In a significant victory for insurance agents and brokers, the Ninth Circuit Court of Appeals has overturned a lower court decision that had permitted an E&O insurer to deny coverage to an insurance broker by misconstruing an “insolvency exclusion” in the E&O policy.
IBA West—joined by the Big I state associations in eight other Western states in the Ninth Circuit—submitted an “amici curiae” brief urging the Court of Appeals to overturn the lower court’s decision, in part because its construction of the exclusion could arguably have gutted many E&O policies sold to insurance agents and brokers.
The opinion, issued Nov. 27 by the Court of Appeals in Conestoga Services v. Executive Risk Indemnity, expressly cites both that concern, and the involvement of the “friends of the court.”

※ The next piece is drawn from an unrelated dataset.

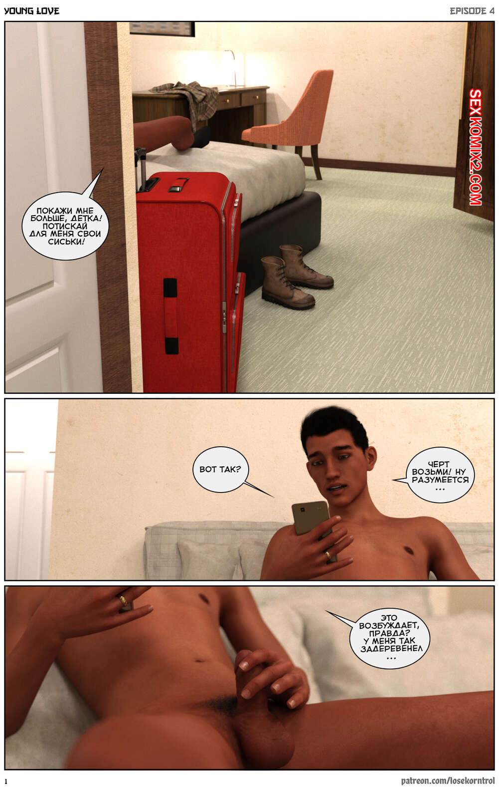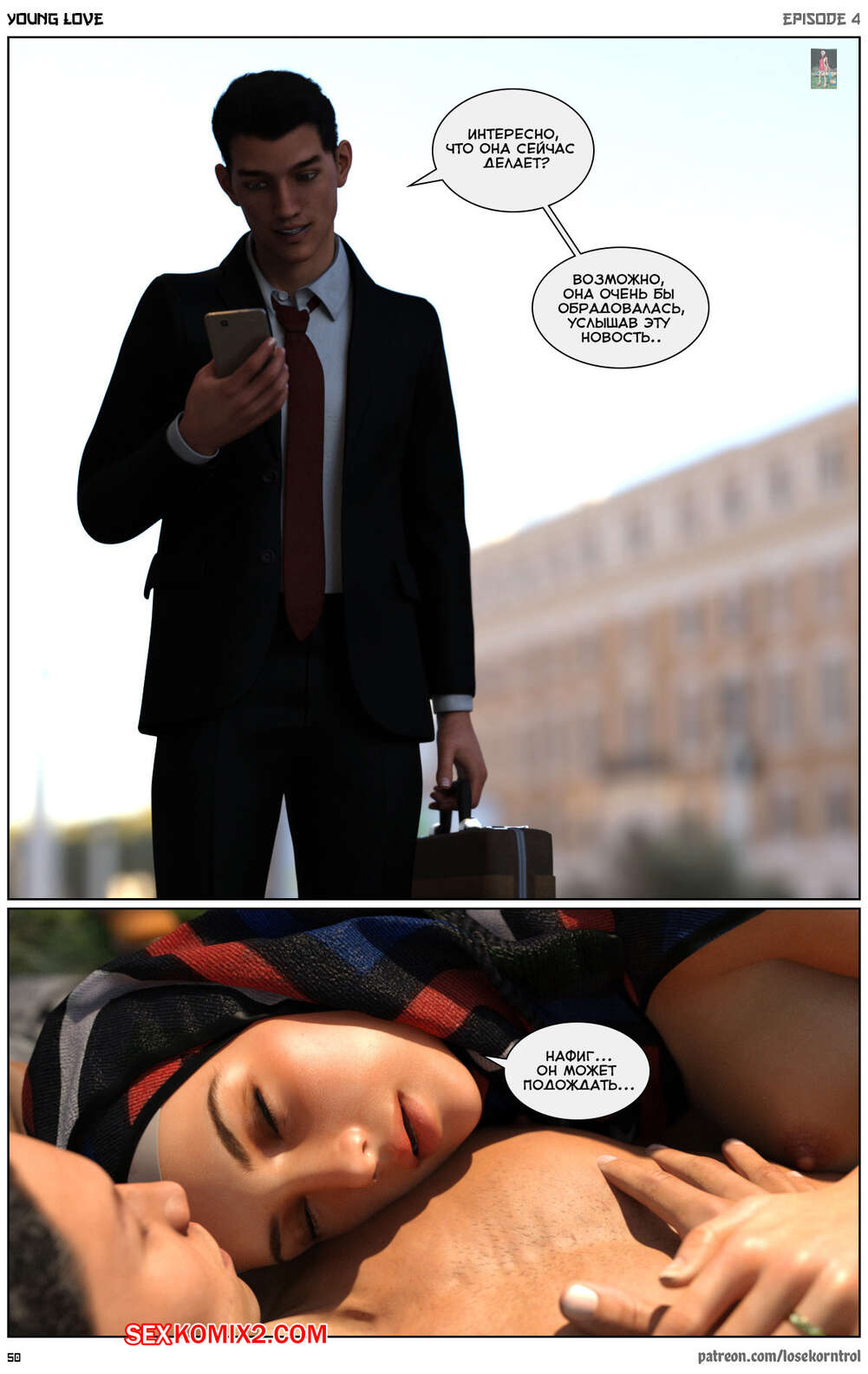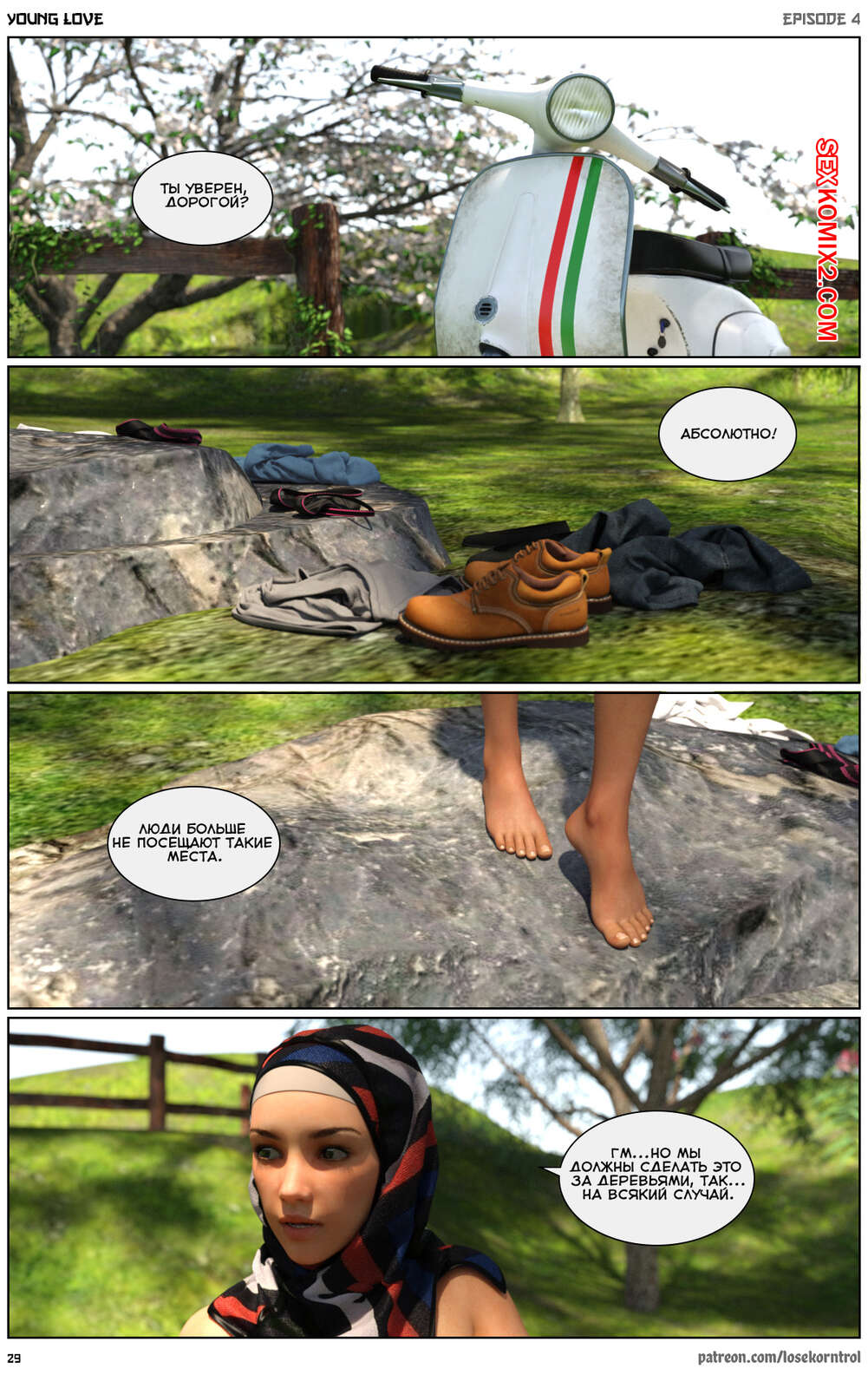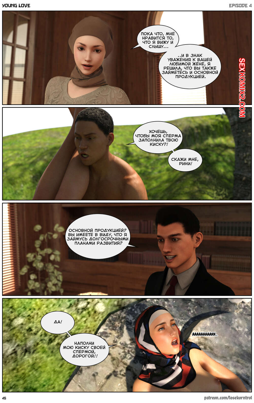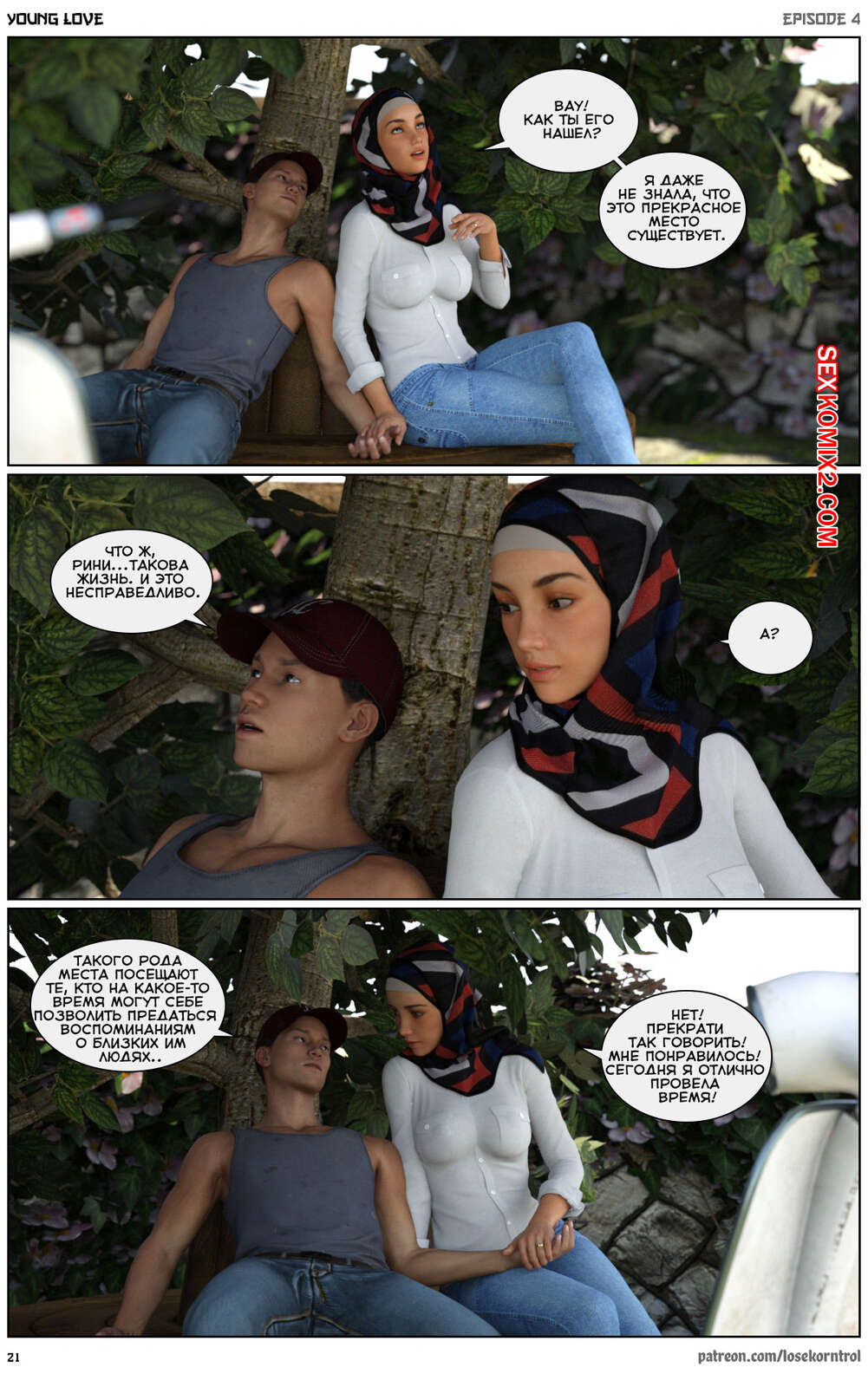 Порно комикс Любовная история. Часть 4. Юная любовь. Young love. Losekorntrol Горячая красотка брюнетка продолжает изменять своему любимому мужу, пользуясь тем, что он уезжает из дома частенько. На этот раз сучка отправилась со своим молодым любовником на природу, где отсосала его большой хуй и дала ему себя выебать.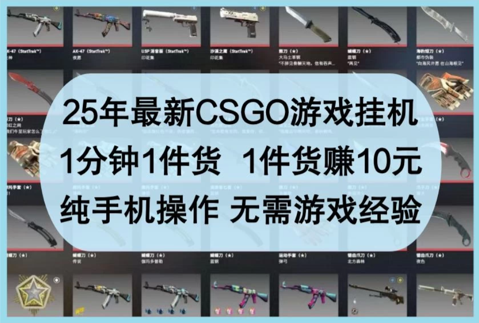 25年最新CSGO游戏挂机,1分钟1件货,1件货赚10元,纯手机操作,无需游戏经验细致拆解项目原理,所有数据支持验证,拒绝割韭菜!!!

Attorneys for Conestoga believe the involvement of the Big I state associations, and the amicus brief they submitted, played a key role in convincing the Court of Appeals that the lower court erred in summarily ruling in favor of the E&O insurer, said IBA West General Counsel Steve Young, who authored the brief.

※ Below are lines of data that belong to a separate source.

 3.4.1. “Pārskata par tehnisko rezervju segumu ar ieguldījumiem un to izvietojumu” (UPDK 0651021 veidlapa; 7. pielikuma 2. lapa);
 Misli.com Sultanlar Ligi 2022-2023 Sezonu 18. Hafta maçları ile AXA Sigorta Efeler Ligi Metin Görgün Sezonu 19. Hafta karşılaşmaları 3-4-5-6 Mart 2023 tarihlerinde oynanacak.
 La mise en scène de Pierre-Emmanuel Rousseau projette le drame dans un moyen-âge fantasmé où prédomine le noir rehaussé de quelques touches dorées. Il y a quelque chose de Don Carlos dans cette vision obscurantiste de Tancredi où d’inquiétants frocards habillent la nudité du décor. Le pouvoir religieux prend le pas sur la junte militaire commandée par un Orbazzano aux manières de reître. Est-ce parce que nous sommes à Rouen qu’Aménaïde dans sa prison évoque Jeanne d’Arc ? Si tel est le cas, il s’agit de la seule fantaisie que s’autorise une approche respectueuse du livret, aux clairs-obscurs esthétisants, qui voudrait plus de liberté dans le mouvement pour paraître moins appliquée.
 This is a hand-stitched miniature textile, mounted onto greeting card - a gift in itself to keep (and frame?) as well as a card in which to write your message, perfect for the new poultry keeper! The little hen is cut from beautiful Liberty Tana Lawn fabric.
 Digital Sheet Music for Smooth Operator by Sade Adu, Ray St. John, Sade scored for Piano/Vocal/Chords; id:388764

The case has been sent back to the lower court for “reconsideration” in light of the appellate court’s opinion.
Since the opinion strongly suggests that Executive Risk had a duty to defend Conestoga in this case, it is probable that the parties will now reach an out-of-court settlement on the underlying E&O claims—assuming that Executive Risk does not bring or succeed in an appeal of the ruling, Young said.
At issue in Conestoga v. Executive Risk was the construction the lower federal court gave to an “insolvency exclusion” permitting an E&O insurer to deny coverage to a broker following the bankruptcy of the client to whom the broker had sold a surety bond.
The broker, Conestoga Insurance Services (formerly MacCready & Gutman), placed a surety bond with Frontier Pacific covering the workers’ compensation self-insurance obligations of Standard Brands Paints Co. The original amount of the bond, $5.7 million, was later reduced to $3.9 million, although the broker was allegedly negligent in transmitting the executed notice of the reduction.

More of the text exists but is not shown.